With the rise of collaborative models, some mid-sized companies have found tremendous success. Companies such as Gilead Sciences, Genzyme, or Cephalon have been able to put together interesting deals in part because their smaller size has given them greater leverage. "They engage in significant kinds of alliances where they have been able to exploit their financial and structural flexibility through partnerships and acquisitions," Longman says

Given the central role of these new partners, the pricetag for acquisitions and licensing deals continues to rise. In-licensing deals for drugs, for example, are much more expensive than they used to be, and higher price is just the beginning. "Small companies want more of a role in the development and commercialization of products," Longman says. "The larger the role, the more complex the transaction needs to be and the more complicated it is to manage. There are many different committees and every decision has to be approved by two people.
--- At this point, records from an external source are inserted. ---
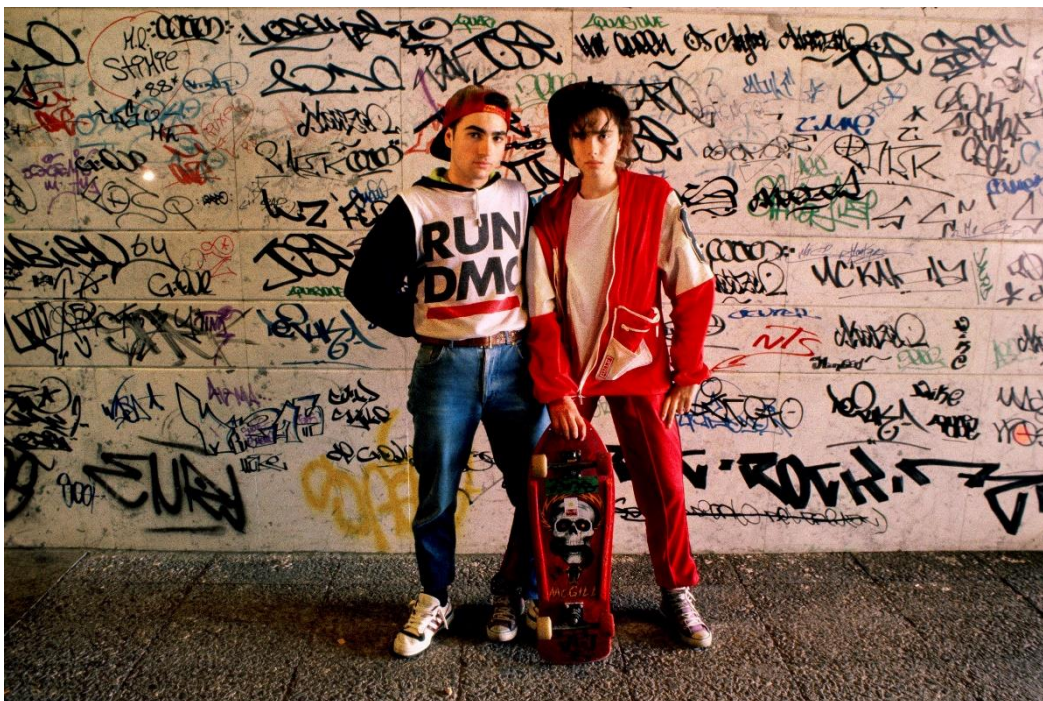
Miguel Trillo. Domingo en Azca, Nuevos Ministerios, 1989.

En este ámbito se muestra una selección de retratos y campañas de grandes nombres de la moda española de los 80 como Antonio Alvarado o Jesús del Pozo, acompañadas de una vitrina con una selección de joyas de Chus Burés, como la famosa arma/joya que diseñó para la película Matador de Pedro Almodovar en 1986. La parte dedicada a la moda se completa con un vídeo del mítico desfile de Francis Montesinos en Las Ventas en 1985 para el que congregó a más de 15.000 personas, algo inaudito hasta entonces.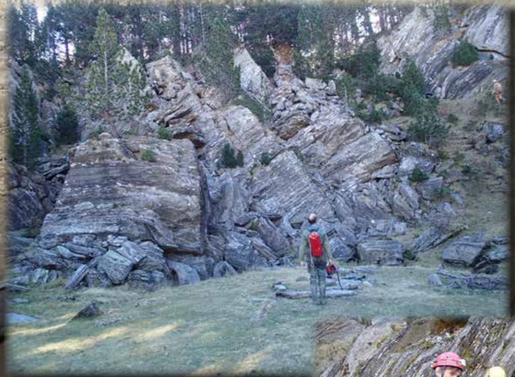
GOUFFRE DU MOUNEGOU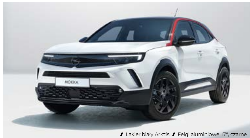
// Lakier biały Arktis // Felgi aluminiowe 17", czarne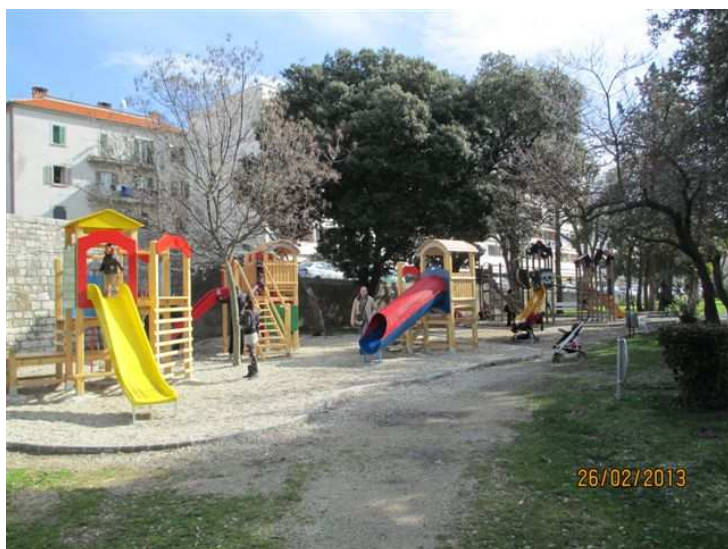
Dječje igralište na Novoj rivi

Na području osam mjesnih odbora postavljena je nova javna rasvjeta, a nabavljena je i postavljena nova komunalna oprema ( autobusne čekaonice, ograde za zaštitu zelenih površina, parkovne klupe, pragovi za smirivanje prometa ) na više gradskih lokacija.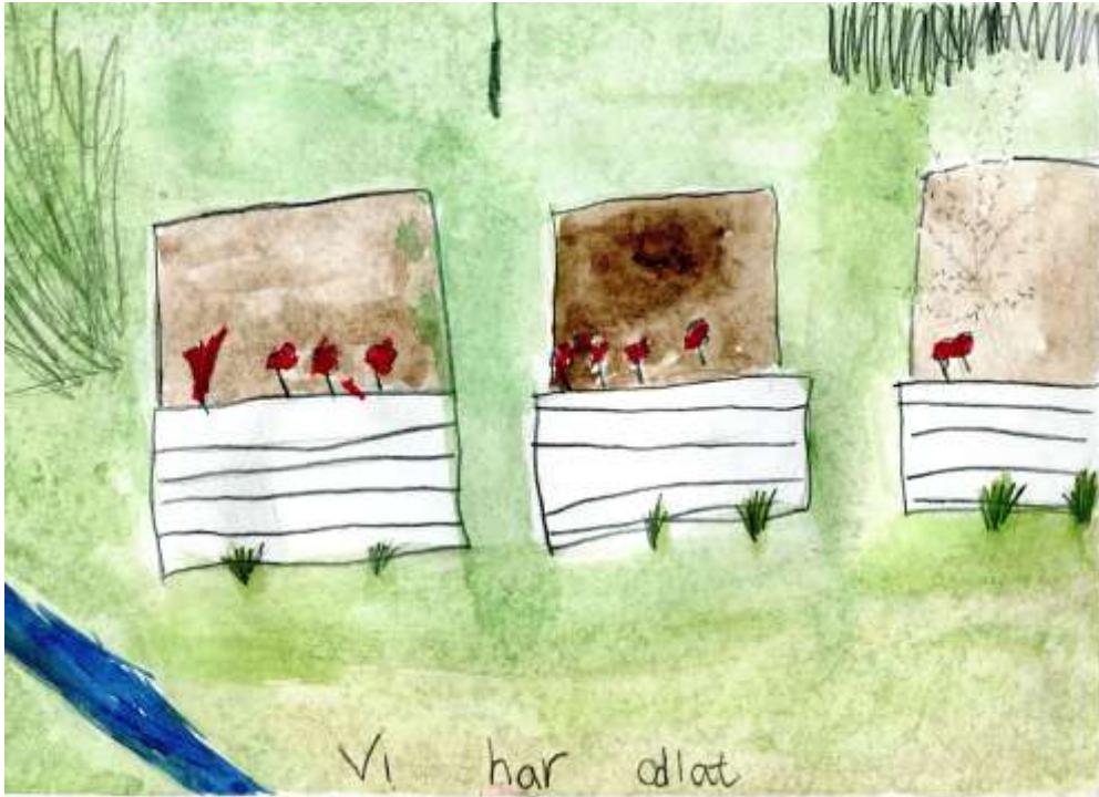
Vi målade blomlådorna i skolträdgården vita.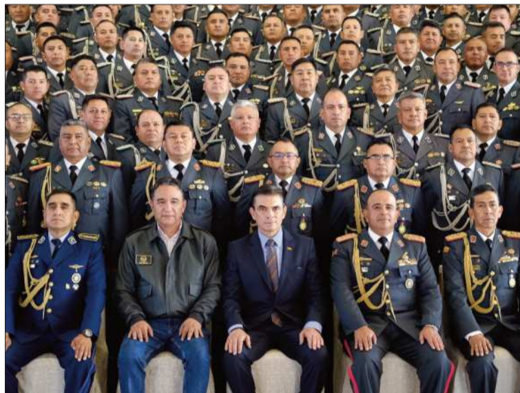
DIÁLOGO. El presidente Rodrigo Paz junto a comandantes del Ejército.

“Los últimos 20 años de la construcción del Estado y sus instituciones (...) tuvieron un alto grado de ideología (...) y a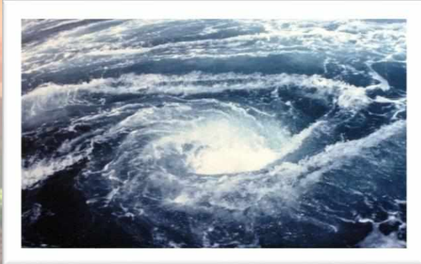
“Grand Rapids and White Waters”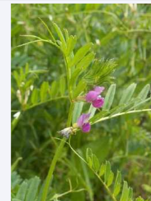
V. segetalis Thuill. [V. sativa subsp. segetalis (Thuill.) Čelak.]

Folioles des f. supérieures à L/l normalement < 10 dents du calice* gen. ≤ 75% du tube (sur les fleurs inf.), étroitement triangulaires, à 3 nerv. restant bien distinctes → près de l'apex étendard souvent mauve et nettement plus clair que les ailes, plus rarement rouge purpurin gousses brunissant ou noircissant tardivement à maturité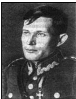
gen. Władysław Langner

Mimo rozkazu dowództwa doszło do walk z bolszewikami. Pod Kodziowcami 101 Pułk Ułanów pod dowództwem gen. Wacława Przeździeckiego rozbił część radzieckiego korpusu pancernego. Zwycięskie walki pod Szackiem i Wytycznem toczyły oddziały KOP.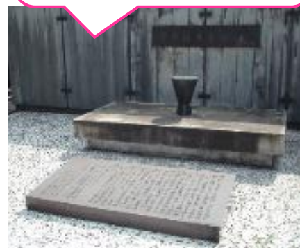
「学校給食発祥の地」の記念碑

昭和34年（1959年）に、学校給食70周年記念式典開催され、お寺の境内に記念碑が建立されました。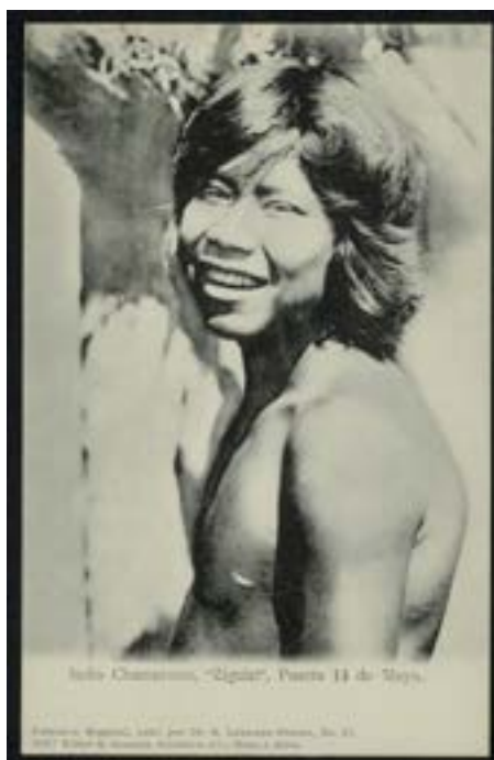
Figura 4. “Indio Chamacoco, ‘Ziguizi’, Puerto 14 de Mayo”

18. Vale la pena mencionar que el formato de este atlas no se asemeja al resto de los trabajos de este tipo publicados por Lehmann-Nitsche y cuyas fotografías son, o bien de su propia autoría, o tomadas junto a Carlos Bruch. Véase Lehmann-Nitsche (1904a, 1907) y Dávila (2014).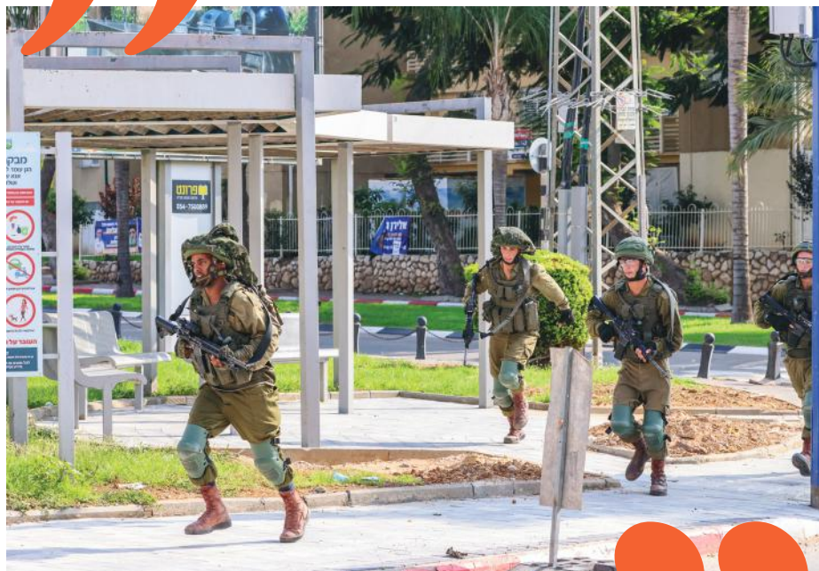
נלחמים על הבית. הכוחות סורקים את השטח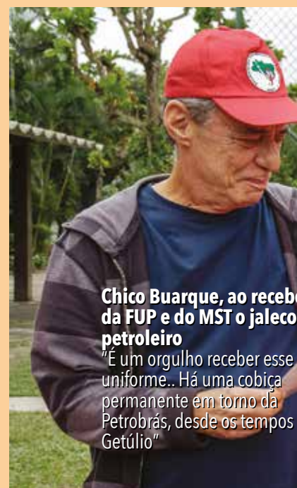
Chico Buarque, ao receber a FUP e do MST o jaleco de petroleiro

"Mais do que enfrentar o plano de desinvestimento, a greve significa um enfrentamento ao capital internacional especulativo. Os setores populares e sindicais não podem ter nenhuma dúvida de que lado devem estar".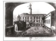
2 Il Bo nella Contrà di San Martin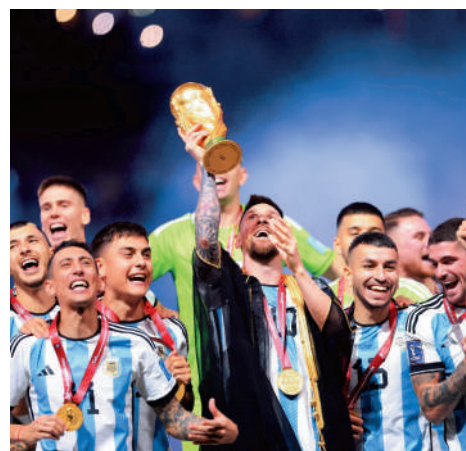
►美斯(舉盃者)終如願奪得世盃錦標。 資料圖片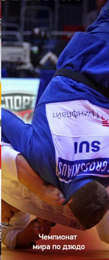
Чемпионат мира по дзюдо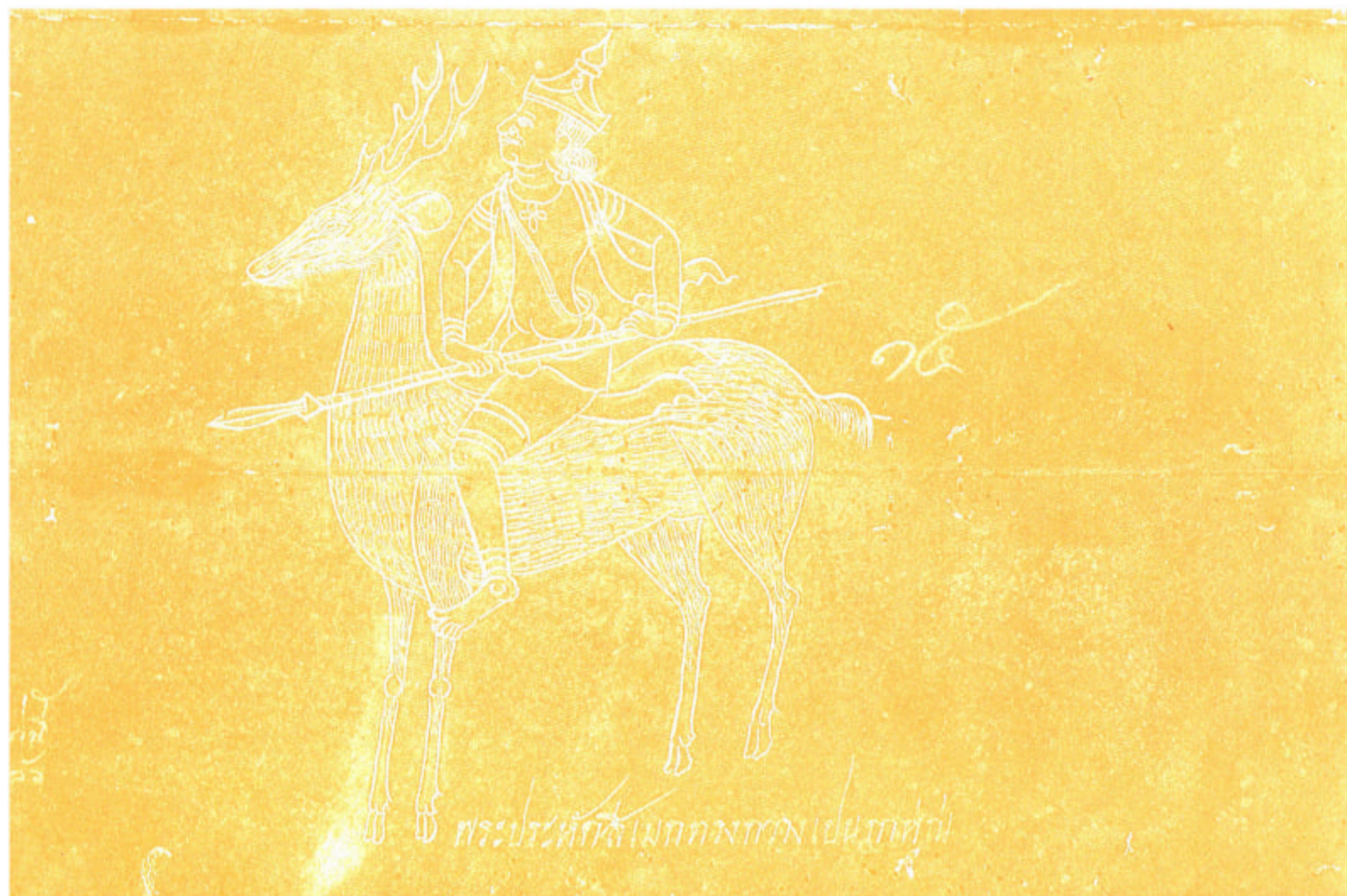
พระประหัตสีเมกทรงกวางเปนภาน์

รวมภาพเทวดานพเคราะห์ ๙ องค์ จากหนังสือสมุดไทยของหอสมุดแห่งชาติ หนังสือสมุดไทยดำ สมุดพระเทวารูป เลขที่ ๓๑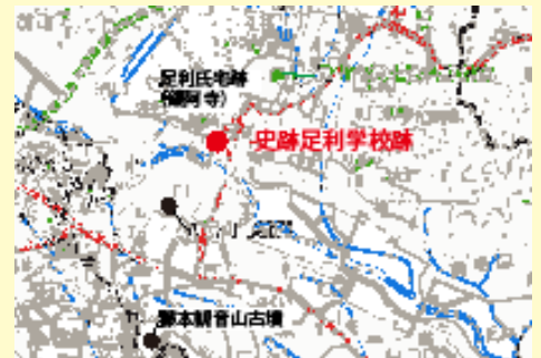
くろま橋遺跡の位置

黒袴台遺跡は、佐野市の三轟山西麓に位置します。かつては西側に越名沼が広がっていました。平成9・10年に発掘調査が行われ、遺跡の南半分の様子が明らかになりましたが、平成25年からは北半分の地区を発掘調査しています。縄文時代、古墳時代、平安時代、室町時代の遺構、遺物が発見されていますが、特に縄文時代早期の遺物が多く発見されています。早期は今から約12,000年前から7,000年前の時代で、土器は底が尖っているのが特徴です。黒袴台遺跡の土器は、栃木県から茨城県北・中部にかけて固有に分布しているもので、「出流原式」と呼ばれており、約8,500年前のものと考えられています。他にも「田戸上層式」と呼ばれる南関東に多い土器が発見されているので、他の地域との比較研究が期待されます。この時代の石器には片刃石器、石鏃がみられます。片刃石器は片面にだけ加工しているのが特徴です。土掘り具としての使いみちが考えられますが、もう少し時代が下ると石斧に取って代わられると考えられています。黒袴台遺跡では、地元の石であるチャートの他に、黒曜石でできた石鏃が発見されています。黒曜石は黒いガラスのような石で、矢板市高原山、信州和田峠、伊豆神津島などで産出し、交易などで持ち込まれたものです。しかも黒袴台遺跡では細かい破片も多数発見されていることから、石器を製作していたと考えられます。このような多量の土器の消費、交易、石器製作が行われた黒袴台遺跡は、縄文時代早期の拠点となるような大きなムラであったことが想定できます。

You are cutting back on the financial risks but you are adding to the management complexity risk."

While Big Pharma still has a more vertically integrated approach than biotech, all the forces in the industry are pushing for less integration and more collaboration. "The multiple pressures of returning cash to shareholders, financial disclosure, and management complexity will force Big Pharmas, like biotechs, to disaggregate," Longman says. "They will have to derive maximum value from segments of the value chain in which they have significant advantage and experiment with option-based external R&D models. In other words, Big Pharma will look more like biotech."

Pharmaceutical dealmaking is just one of the topics covered in the Wharton/Windhover Program for Pharmaceutical and Biotech Executives, a program for senior pharmaceutical executives, which Longman leads with Wharton Professor Patricia Danzon.  The program also covers topics such as drug discovery, managing drug development, marketing and pricing, and financial tools.  It is designed to develop an understanding of key business tools and approaches with a specific focus on the pharmaceutical industry. "We are trying to tell people not just what is going on in the industry but why it is going on and why it is important to them as executives to understand," Longman says.